### TASK BRIEF:
All of the data should be given again word for word, though the images are to be left out.

### STORED DATA:
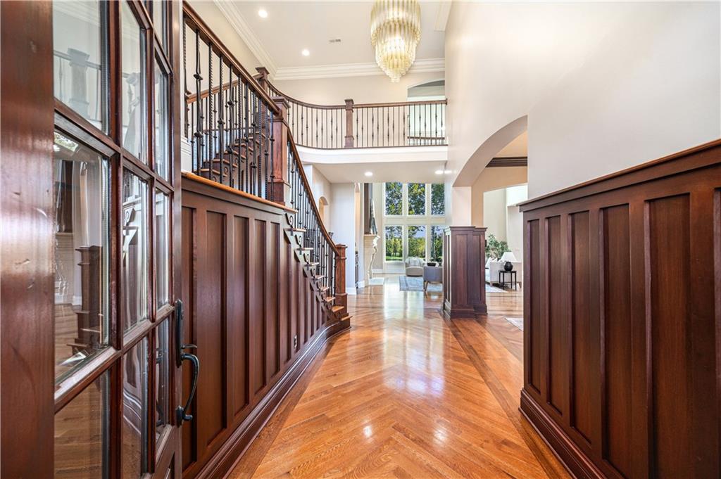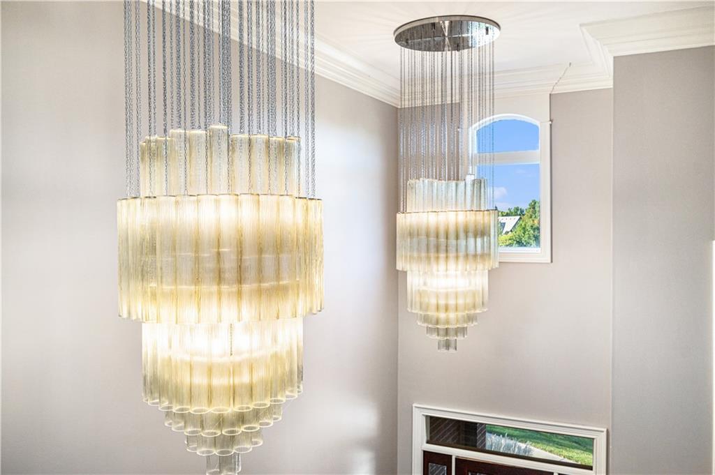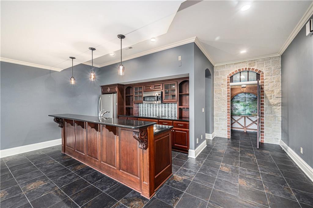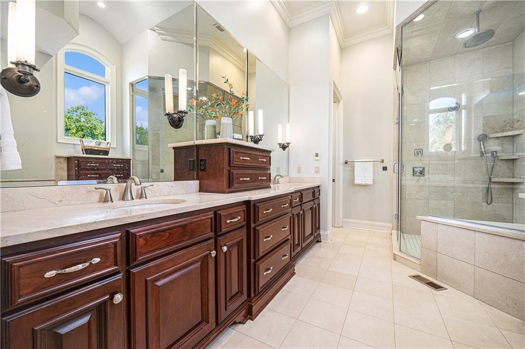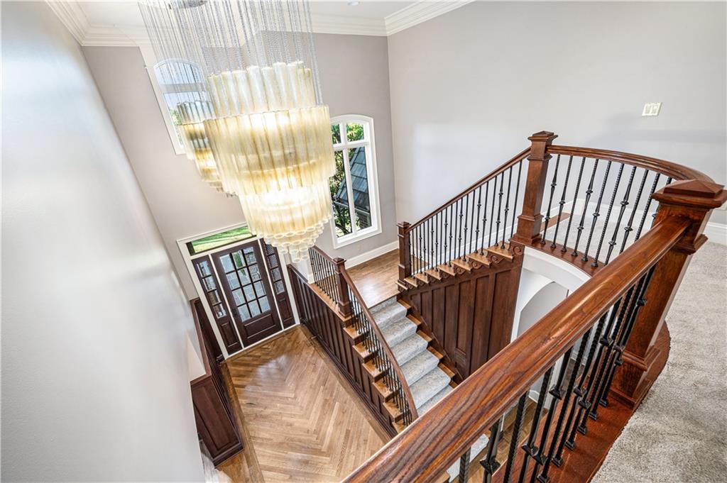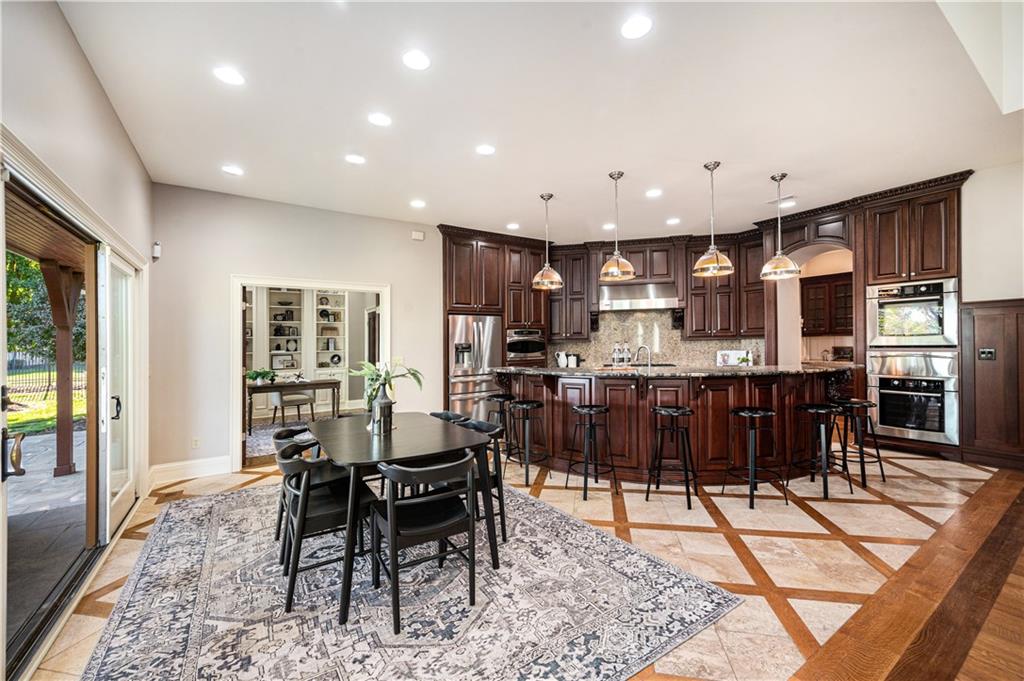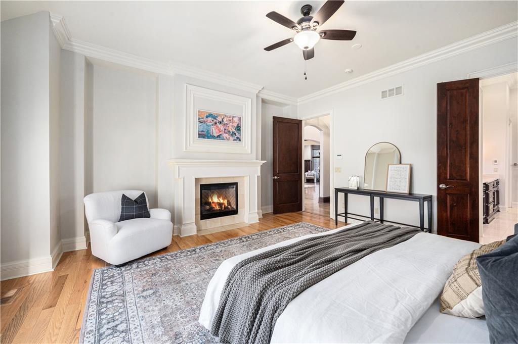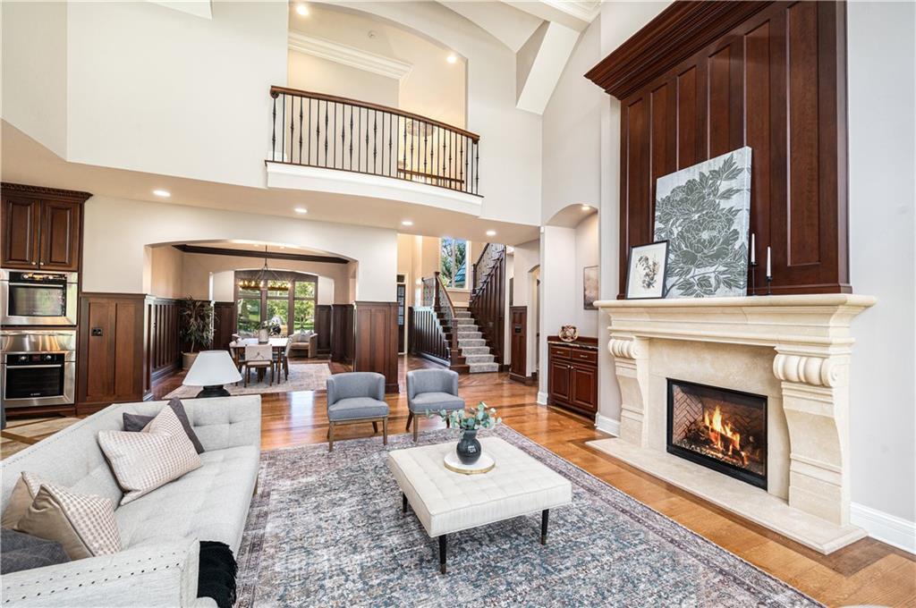 As you step through the soaring entry, you’ll be greeted by an open floor plan, designer chandeliers, exquisitely detailed trim, beautiful hardwoods, and crown molding. The gourmet kitchen is a chef’s dream, featuring exotic granite counters, soft-close cabinets and drawers, two new Bosch dishwashers, a Therador 6-burner gas range with griddle, Viking hood, Bosch double oven and warming drawer, a new refrigerator, beverage refrigerator, and a walk-in pantry. Slide open the glass doors to your outdoor oasis — a covered porch with a gas fireplace, expansive patio, and space to grill and relax. The main floor primary suite is a true retreat, complete with its own fireplace, frame TV, heated tile floors, a jetted tub, walk-in shower with glass surround, and walk-in closet. On the mail level there is also a study with a full bath, along with laundry area.
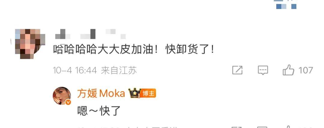 有網友評論“快卸貨了”,方媛回應“嗯~快了”。
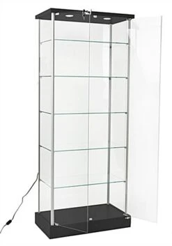 This retail glass display case features (2) recessed LED lights to illuminate a selection of high priced items, such as fine jewelry, artwork, sculptures, and collectibles. Provide convenience for customers viewing products and ease of mind for employees distracted by other tasks with these locking trophy cabinets. Design custom arrangements with more versatility and style than store fixtures like slatwall units with a wide display case. Taller items can be easily positioned within the showcases by modifying or removing one of the five height adjustable shelves. Trophy store fixtures with double locking hinged doors provide easy access to merchandise for employees making a sale. Cabinets with down lighting provide a simple and traditional eye catching display case that is ideal for any boutique, specialty shop, or studio.
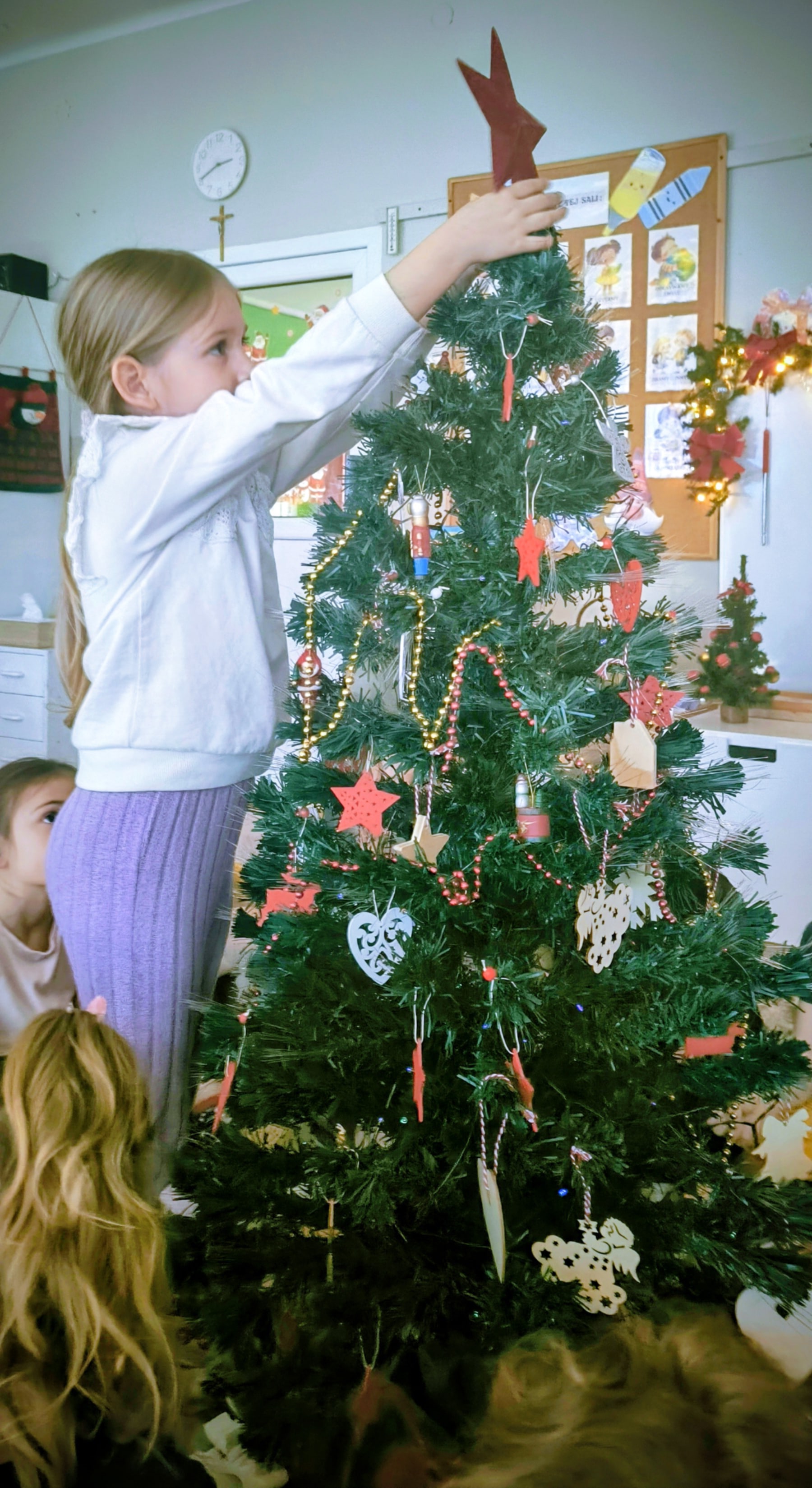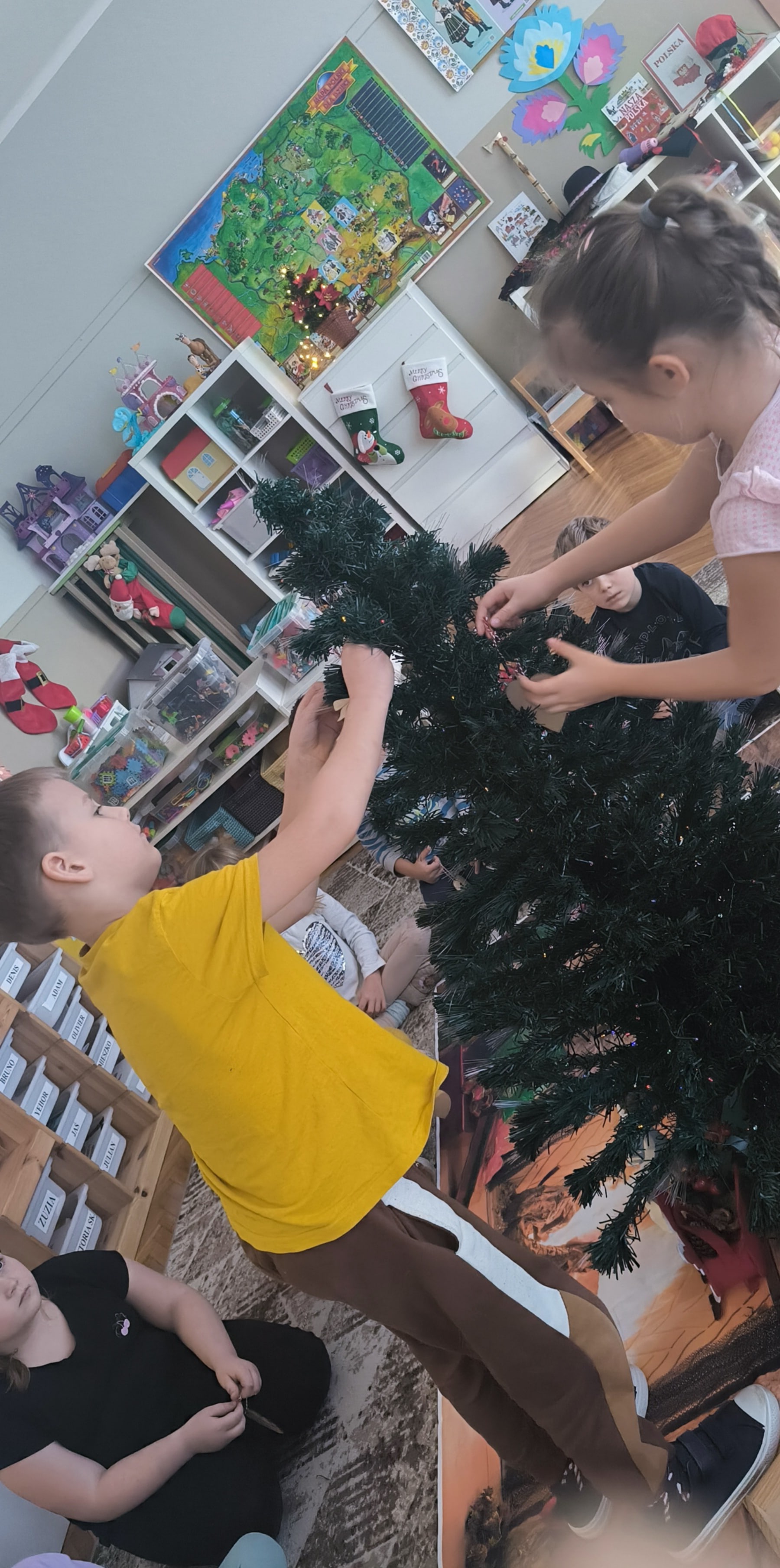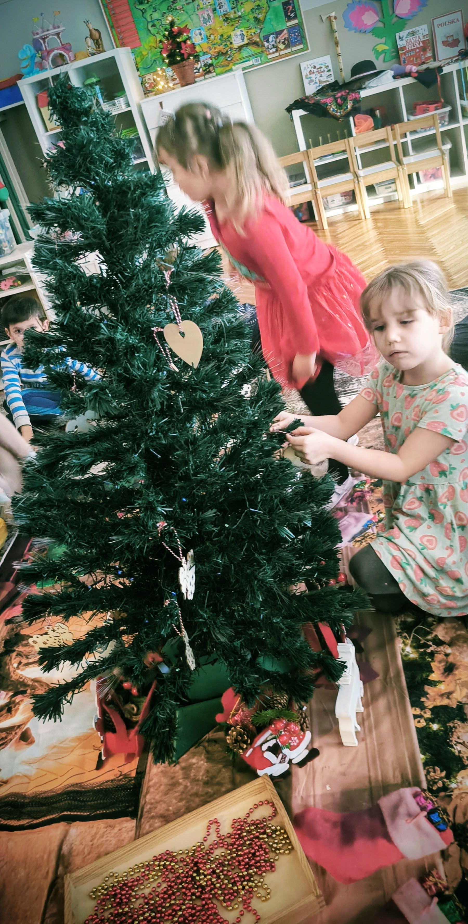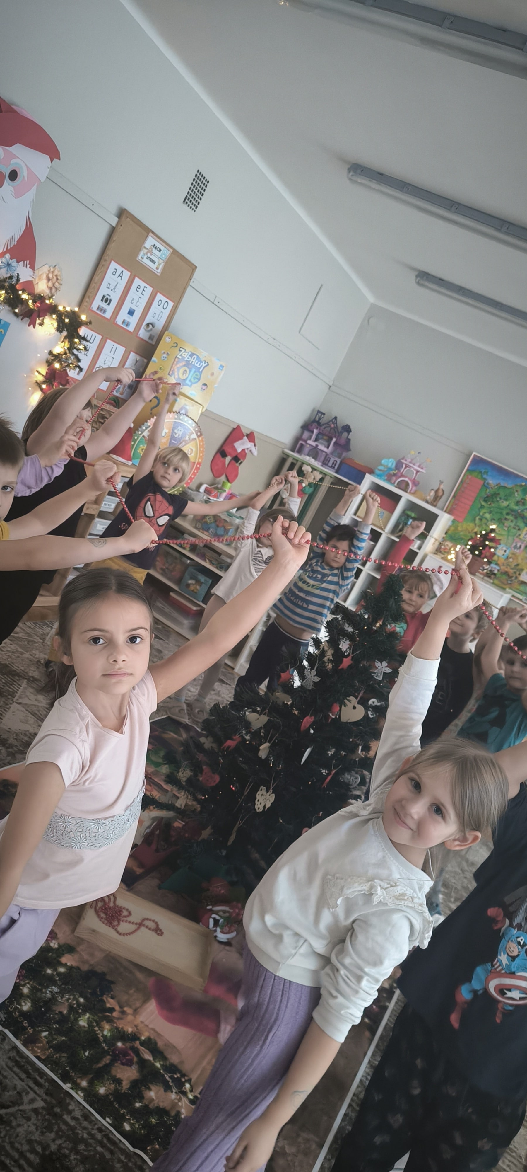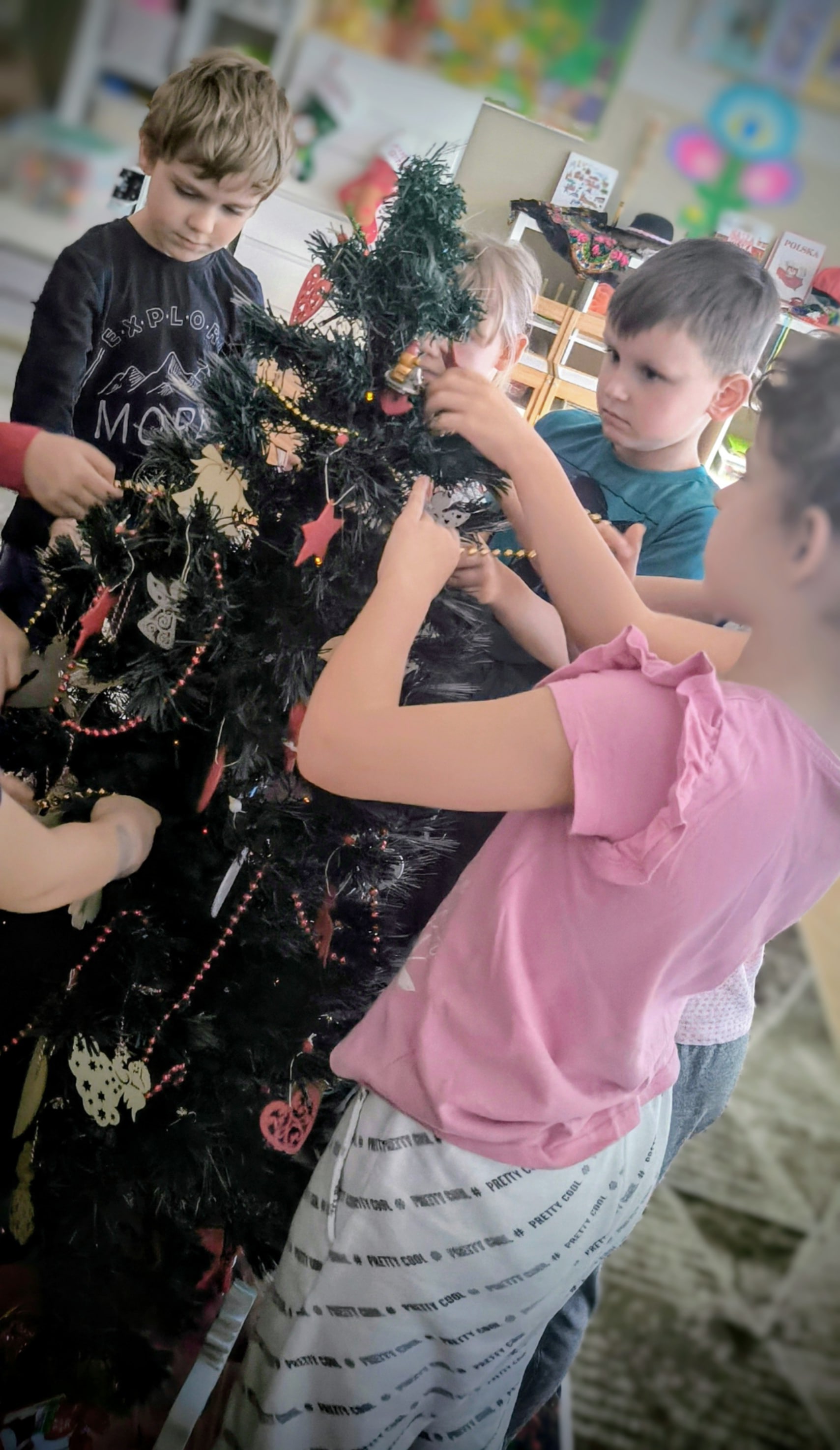 Coraz bliżej oczekiwane przez dzieci magiczne święta Bożego Narodzenia. Starszaki zgodnie ze zwyczajem bożonarodzeniowym samodzielnie ubrały choinkę oraz pomagały w dekorowaniu swojej klasy.

### SOLVED PROBLEM:
 As you step through the soaring entry, you’ll be greeted by an open floor plan, designer chandeliers, exquisitely detailed trim, beautiful hardwoods, and crown molding. The gourmet kitchen is a chef’s dream, featuring exotic granite counters, soft-close cabinets and drawers, two new Bosch dishwashers, a Therador 6-burner gas range with griddle, Viking hood, Bosch double oven and warming drawer, a new refrigerator, beverage refrigerator, and a walk-in pantry. Slide open the glass doors to your outdoor oasis — a covered porch with a gas fireplace, expansive patio, and space to grill and relax. The main floor primary suite is a true retreat, complete with its own fireplace, frame TV, heated tile floors, a jetted tub, walk-in shower with glass surround, and walk-in closet. On the mail level there is also a study with a full bath, along with laundry area.
 有網友評論“快卸貨了”,方媛回應“嗯~快了”。
 This retail glass display case features (2) recessed LED lights to illuminate a selection of high priced items, such as fine jewelry, artwork, sculptures, and collectibles. Provide convenience for customers viewing products and ease of mind for employees distracted by other tasks with these locking trophy cabinets. Design custom arrangements with more versatility and style than store fixtures like slatwall units with a wide display case. Taller items can be easily positioned within the showcases by modifying or removing one of the five height adjustable shelves. Trophy store fixtures with double locking hinged doors provide easy access to merchandise for employees making a sale. Cabinets with down lighting provide a simple and traditional eye catching display case that is ideal for any boutique, specialty shop, or studio.
 Coraz bliżej oczekiwane przez dzieci magiczne święta Bożego Narodzenia. Starszaki zgodnie ze zwyczajem bożonarodzeniowym samodzielnie ubrały choinkę oraz pomagały w dekorowaniu swojej klasy.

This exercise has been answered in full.